Being Together Dreaming of the Same Horizon
The fruitful relationships between champions and coaches, the passing of the torch between generations. And that athletics school as ‘the NASA of Italian sport’.
Sport creates a family, it creates ties and relationships, even among those who are not kin. We all belong to it because our dreams occupy the same horizon.
The record-breaking duo Mennea–Vittori had a distant relationship. As coach and athlete they were never on first-name terms. During training they were close, but strangers elsewhere. They went to Mexico City with the same aim, to win the 200 meters. And they succeeded on 12 September 1979. Mennea’s time, 19.72, is still a European record. It stood as a world record for almost seventeen years, until 1996 when the American Michael Johnson ran it in 19.66. Some records not only shatter times but pierce the years. That day the two men looked at each other. The younger was twenty-seven. They had to part, saying their last words to each other, because there comes a point in life where you come to the parting of the ways. They would meet again; both were on the verge of something. ‘I’ll do it this time,’ said the young man. Vittori was astonished. He had never seen him so confident and optimistic.

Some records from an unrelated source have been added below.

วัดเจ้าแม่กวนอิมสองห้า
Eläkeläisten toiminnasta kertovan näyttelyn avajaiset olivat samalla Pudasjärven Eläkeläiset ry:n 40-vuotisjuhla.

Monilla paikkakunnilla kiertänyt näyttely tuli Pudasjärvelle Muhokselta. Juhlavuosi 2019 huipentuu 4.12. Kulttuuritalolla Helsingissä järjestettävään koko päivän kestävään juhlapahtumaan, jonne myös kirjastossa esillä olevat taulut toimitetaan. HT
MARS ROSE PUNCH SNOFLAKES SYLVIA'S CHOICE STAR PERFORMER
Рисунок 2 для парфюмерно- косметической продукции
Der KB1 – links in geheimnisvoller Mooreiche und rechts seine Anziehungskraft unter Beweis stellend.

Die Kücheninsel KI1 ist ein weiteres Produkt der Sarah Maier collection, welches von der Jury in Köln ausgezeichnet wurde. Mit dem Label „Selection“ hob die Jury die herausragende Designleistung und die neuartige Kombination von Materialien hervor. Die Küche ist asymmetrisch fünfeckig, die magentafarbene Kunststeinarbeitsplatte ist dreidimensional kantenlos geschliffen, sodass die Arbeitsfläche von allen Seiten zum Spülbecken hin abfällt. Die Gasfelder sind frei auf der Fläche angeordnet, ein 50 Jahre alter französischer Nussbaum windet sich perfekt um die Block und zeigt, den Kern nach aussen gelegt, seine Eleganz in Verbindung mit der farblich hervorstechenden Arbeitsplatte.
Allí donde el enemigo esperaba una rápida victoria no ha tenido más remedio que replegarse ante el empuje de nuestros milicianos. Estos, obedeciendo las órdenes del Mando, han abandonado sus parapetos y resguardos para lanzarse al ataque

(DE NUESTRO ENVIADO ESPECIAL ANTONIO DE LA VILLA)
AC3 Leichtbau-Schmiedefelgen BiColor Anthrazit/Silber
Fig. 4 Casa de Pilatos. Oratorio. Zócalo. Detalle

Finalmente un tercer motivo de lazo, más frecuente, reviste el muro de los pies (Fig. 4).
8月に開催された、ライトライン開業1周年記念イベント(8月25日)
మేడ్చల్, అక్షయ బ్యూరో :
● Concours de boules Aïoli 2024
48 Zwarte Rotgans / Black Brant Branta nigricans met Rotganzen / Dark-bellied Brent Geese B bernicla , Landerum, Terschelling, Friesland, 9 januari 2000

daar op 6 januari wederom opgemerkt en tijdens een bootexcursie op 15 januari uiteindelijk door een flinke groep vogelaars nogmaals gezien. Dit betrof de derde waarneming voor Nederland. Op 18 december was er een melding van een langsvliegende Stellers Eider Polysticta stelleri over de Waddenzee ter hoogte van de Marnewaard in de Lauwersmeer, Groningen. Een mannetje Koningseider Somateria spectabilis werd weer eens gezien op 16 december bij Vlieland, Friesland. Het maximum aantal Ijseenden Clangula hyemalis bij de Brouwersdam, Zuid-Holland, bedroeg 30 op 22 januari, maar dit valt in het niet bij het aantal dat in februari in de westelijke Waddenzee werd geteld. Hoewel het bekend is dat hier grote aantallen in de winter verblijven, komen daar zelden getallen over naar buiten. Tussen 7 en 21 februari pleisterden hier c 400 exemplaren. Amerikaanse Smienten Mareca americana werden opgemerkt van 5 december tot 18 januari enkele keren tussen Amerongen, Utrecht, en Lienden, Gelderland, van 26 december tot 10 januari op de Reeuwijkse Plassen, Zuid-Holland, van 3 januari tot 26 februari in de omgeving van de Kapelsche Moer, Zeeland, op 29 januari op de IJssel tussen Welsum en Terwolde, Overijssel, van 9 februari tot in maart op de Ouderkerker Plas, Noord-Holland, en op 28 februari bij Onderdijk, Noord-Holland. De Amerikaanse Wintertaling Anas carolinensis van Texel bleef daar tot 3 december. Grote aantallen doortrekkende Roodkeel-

It had just stopped raining. Mennea ran as he had never run in his life and beat the world. He left behind his childhood, his complexes, the south. There are curves that put you off your stride, you falter and feel small, as if walls were rising around you. And there are others where you burst through into happiness. Pietro Paolo Mennea from Barletta ran his curve without losing speed, his left shoulder slightly lowered.

And that day Italy discovered another Coppi. He raced, but not on a bike. He came from the south; he was thin, a little crooked, very twisted. Mennea had behind him an Italy that studied; it was no longer amateurish. Homespun, but also competitive. His factory was the National Athletics School in Formia. The NASA of Italian sport. In Formia, they invented, tested and discovered the future. And they developed the science of records.
Simeoni arrived there at twenty-two. ‘The room in the guest quarters contained a bed and a wardrobe. It was so dreary that I repainted it myself. There was no gym equipment. We asked the workers there for help. We explained what we needed and they started building the equipment: the sand belt, the iron boot and other equipment. They didn’t ask for money in return, just begged us to do well’. Jumping, love and fantasy. Made in Italy advanced in the world of sport. All together with passion.